L’écrivain Alberto Prunetti nous emmène au sein d’usines mortifères en Italie. Une histoire marquée par le deuil et l’injustice
Amianto. Une histoire ouvrière. Ce livre, paru récemment en français, évoque l’un des plus grands scandales industriels émergents au siècle passé, catastrophe meurtrière due à un poison nommé l’amiante. A la lecture de cet ouvrage, on plonge, grâce à une approche biographique, au sein du monde ouvrier italien. La question de la protection des travailleurs constitue l’ossature du récit, mais aussi, en toile de fond, la cupidité d’un certain nombre d’employeurs courant après le profit et mettant en péril la santé de leur personnel. L’auteur, Alberto Prunetti, restitue ainsi le parcours professionnel de son père Renato, victime de la fibre cancérigène.
Une vie de labeur
Il s’agit en premier lieu de l’histoire d’un enfant qui a arrêté l’école à 14 ans, devient maître-nageur, puis garçon de café. Très vite, l’usine le happe. Il troque alors le costume de serveur pour le bleu de travail, vêtement emblématique de sa vie, de sa condition.
De manœuvre, il devient soudeur, puis soudeur-tuyauteur. Renato se déplace de chantier en chantier à travers la péninsule. Les années 1970 sont décrites comme des années heureuses. L’emploi abonde. La conflictualité liée aux rapports sociaux demeure forte. Les ouvriers font donc entendre leurs voix et cela rapporte. Renato se trouve dans la force de l’âge. Il travaille vigoureusement.
Toutefois, les coups de marteau ne sont pas sans effet. Son ouïe est endommagée. Les flammes de l’électrode abîment sa vision. Et, ses dents tombent sous l’action des métaux lourds. A 40 ans, il porte un appareil auditif, des lunettes et un dentier. Une rente partielle lui est accordée en tant qu’invalide ne pouvant exercer pleinement son travail. Ensuite, les années 1980 marquent un reflux du mouvement ouvrier, selon l’auteur. Les termes «chômage technique» résonnent. L’alternance entre périodes de travail et celles chômées rend les fins de mois difficiles. Renato se résout à se mettre à son compte en obtenant un numéro de TVA. Cela rime avec précarité. En clair, il effectue le même travail qu’auparavant tout en payant lui-même ses charges sociales. De fait, la domination patronale s’accroît dans ce cadre sur l’autel de la flexibilité. Les forces de Renato commencent à décliner. Il devient retraité en 1998. Progressivement, il perd son souffle.
Une tumeur.
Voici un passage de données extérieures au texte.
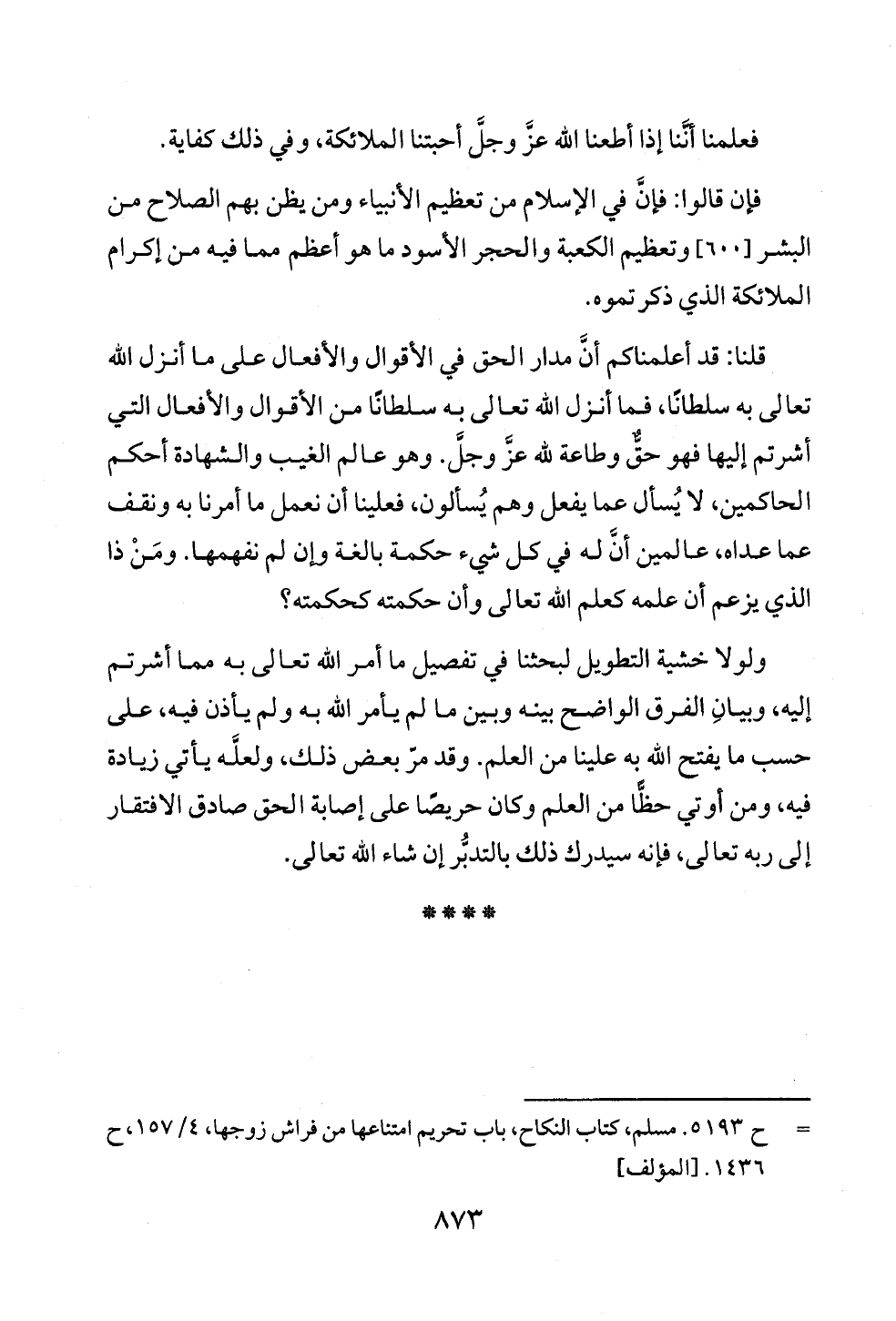 فإن قالوا: فإنَّ في الإسلام من تعظيم الأنبياء ومن يظن بهم الصلاح من البشر [٦٠٠] وتعظيم الكعبة والحجر الأسود ما هو أعظم مما فيه من إكرام الملائكة الذي ذكرتموه.

Elle monte des poumons au cerveau, recouvert désormais de métastases. Anticoagulants, antidépresseurs, antiépileptiques, cortisone rythment désormais le quotidien de Renato. Après 72 heures d’agonie, il meurt à 59 ans.
Rendre justice aux morts et à leurs proches
Tout au long des pages, on sent l’amertume d’un fils qui a perdu son père. L’aspect funeste de la situation domine. Comme de nombreuses familles ayant vécu de pareils drames, la saisie de la justice est considérée comme un devoir même si elle apporte peu en l’occurrence, soit une légère réévaluation de la pension de veuve. La rancœur reste tenace. Alberto Prunetti affirme: «La justice, c’est de ne pas mourir au travail et de ne pas voir mourir ses collègues.» Le caractère biographique du récit estompe cependant la dimension collective de la lutte des victimes de l’amiante. En effet, on voit apparaître, au crépuscule du XXe siècle et à l’échelle nationale ainsi qu’internationale, de véritables mouvements sociaux contre l’amiante regroupant des chercheurs, des professionnels du droit ou de la santé, des syndicalistes… Cela débouche sur une série d’actions judiciaires. Par exemple à Casale Monferrato, ville du Piémont où Renato a travaillé dans une raffinerie, les familles d’anciens employés d’une autre société Eternit se sont portées parties civiles dans un procès qui a fait date, malgré les aléas des procédures (prescription des faits…). Dans un même mouvement, l’industriel suisse Stephan Schmidheiny a récemment été condamné à quatre ans de prison pour homicide involontaire en lien avec une affaire où deux employés exposés à l’amiante sont décédés. Les méfaits dus à cette substance toxique marquent donc l’histoire ouvrière dévastant des régions entières, décimant des familles, semant la mort à profusion.